Epidemiologists say that if SARS-CoV-2 behaves like the flu virus, it could keep reappearing and infecting people, which is why scientists are studying whether people will need annual COVID shots.

The basic health protocols could in fact be even more effective in preventing viral infection – and there’s no risk of severe allergic reaction. This is what Health Secretary Francisco Duque III said Monday night, during a Cabinet cluster meeting with President Duterte.

Yet with the vaccine rollout plus talks of a possible shift nationwide to the most lenient modified enhanced community quarantine, people are behaving as if immunity has been achieved, and tossing out health safety protocols.

Department of Health officials met last Saturday night with Metro Manila mayors to discuss the problem.
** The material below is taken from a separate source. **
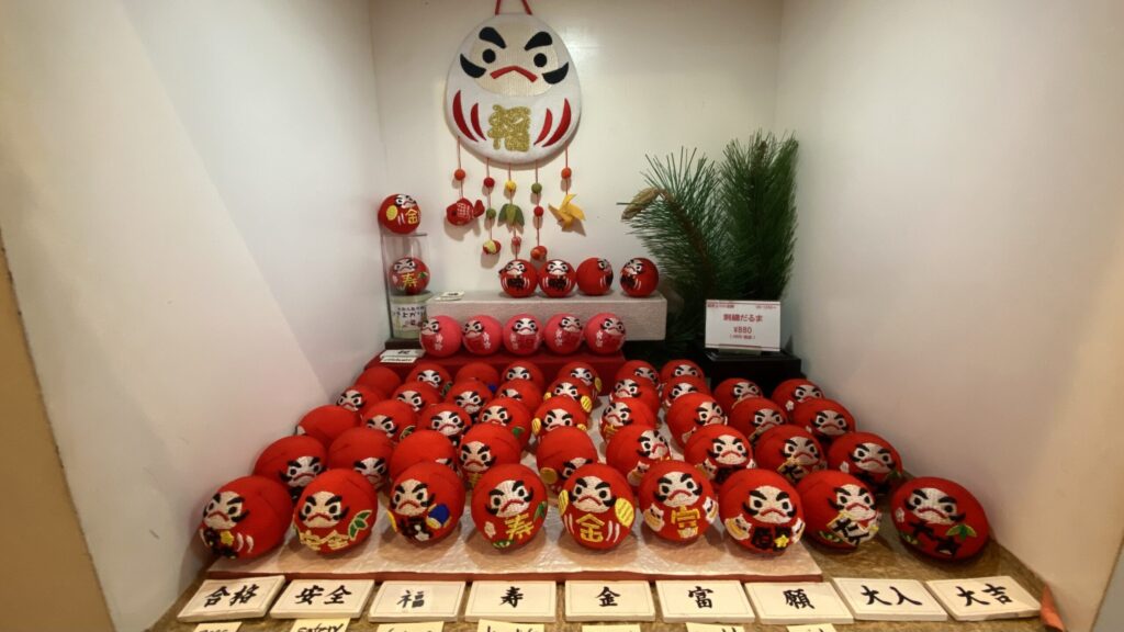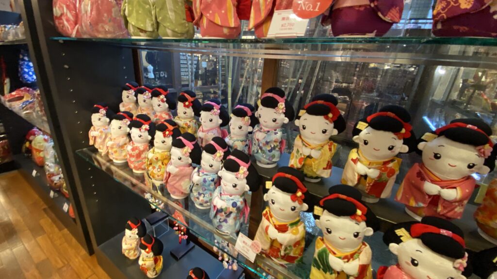 ご利益がありそうな刺繍だるまも種類が多く、合格祈願、福、寿、大吉など、贈り物にもぴったり。もちろん京都らしい舞妓さんのちりめん人形も並んでいます。

Duque said the DOH asked the mayors to intensify prevention measures, contact tracing, aggressive isolation and treatment response.

“We have to cut the chains of transmission and the clustering of cases,” Duque said.

In his Monday night address to the nation, Duterte (after yet another harangue against Vice President Leni Robredo) reminded the public to continue wearing masks, hand washing and physical distancing.

Areas where people have become lax, either because of pandemic fatigue or because of a misplaced sense of safety with the arrival of the vaccines, will find their communities back to last year’s lockdowns.

And if the variants make their way to these communities and households, and infect the vulnerable, the worst is always possible.

President Duterte’s admonition last Monday bears heeding: “It’s your life. You only live once… You have one life to live. So please guard yourself.”